Background information
- Born: Major Merriweather March 31, 1905 Newnan, Georgia, U.S.
- Died: February 23, 1953 (aged 47) Chicago, Illinois, U.S.
- Genres: Chicago blues
- Occupation: Musician
- Instruments: Piano; vocals;
- Years active: 1920s–1952
- Labels: Bluebird; RCA;

= Big Maceo Merriweather =

American pianist and blues singer (1905–1953)

Major "Big Maceo" Merriweather (March 31, 1905 – February 23, 1953) was an American pianist and blues singer. He was mainly active in Chicago through the 1940s.

==Career==
Born in Newnan, Georgia, Merriweather was a self-taught pianist. In the 1920s, he moved to Detroit, Michigan, to begin his music career. He moved to Chicago in 1941, where he made the acquaintance of Tampa Red. Red introduced him to Lester Melrose of RCA Victor and its subsidiary label Bluebird Records, which signed Merriweather to a recording contract.

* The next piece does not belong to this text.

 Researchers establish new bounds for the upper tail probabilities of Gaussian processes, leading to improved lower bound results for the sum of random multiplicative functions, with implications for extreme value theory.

His first record was "Worried Life Blues" (1941), which became a blues hit, a blues standard, and remained his signature piece. The song had elements derived from Sleepy John Estes' "Someday, Baby". Other classic piano blues recordings followed, such as "Chicago Breakdown", "Texas Stomp", and "Detroit Jump". His piano style was developed from players including Leroy Carr and Roosevelt Sykes and from the boogie-woogie style of Meade Lux Lewis and Albert Ammons. He in turn influenced other musicians, such as Little Johnny Jones and Henry Gray, the latter of whom credited Merriweather with helping him launch his career as a blues pianist.

His style influenced practically every postwar blues pianist of significance. His best known song, "Worried Life Blues", is a staple of the blues repertoire, with artists such as Eric Clapton performing it regularly in concert. It was in the first batch of songs inducted into the Blues Hall of Fame in the category Classic Blues Recordings – Singles or Album Tracks, alongside "Stormy Monday", 'Sweet Home Chicago", "Dust My Broom", and "Hellhound on My Trail".

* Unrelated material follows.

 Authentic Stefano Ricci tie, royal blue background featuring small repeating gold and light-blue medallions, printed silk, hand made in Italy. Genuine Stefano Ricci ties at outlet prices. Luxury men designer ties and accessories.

Merriweather suffered a stroke in 1946. He died of a heart attack on February 23, 1953, in Chicago and is interred at the Detroit Memorial Cemetery, in Warren, Michigan.

His recordings for RCA Victor/Bluebird were released as a double album, Chicago Breakdown, in 1975. They have since been reissued on various labels.

In 2002, Merriweather was posthumously inducted into the Blues Hall of Fame.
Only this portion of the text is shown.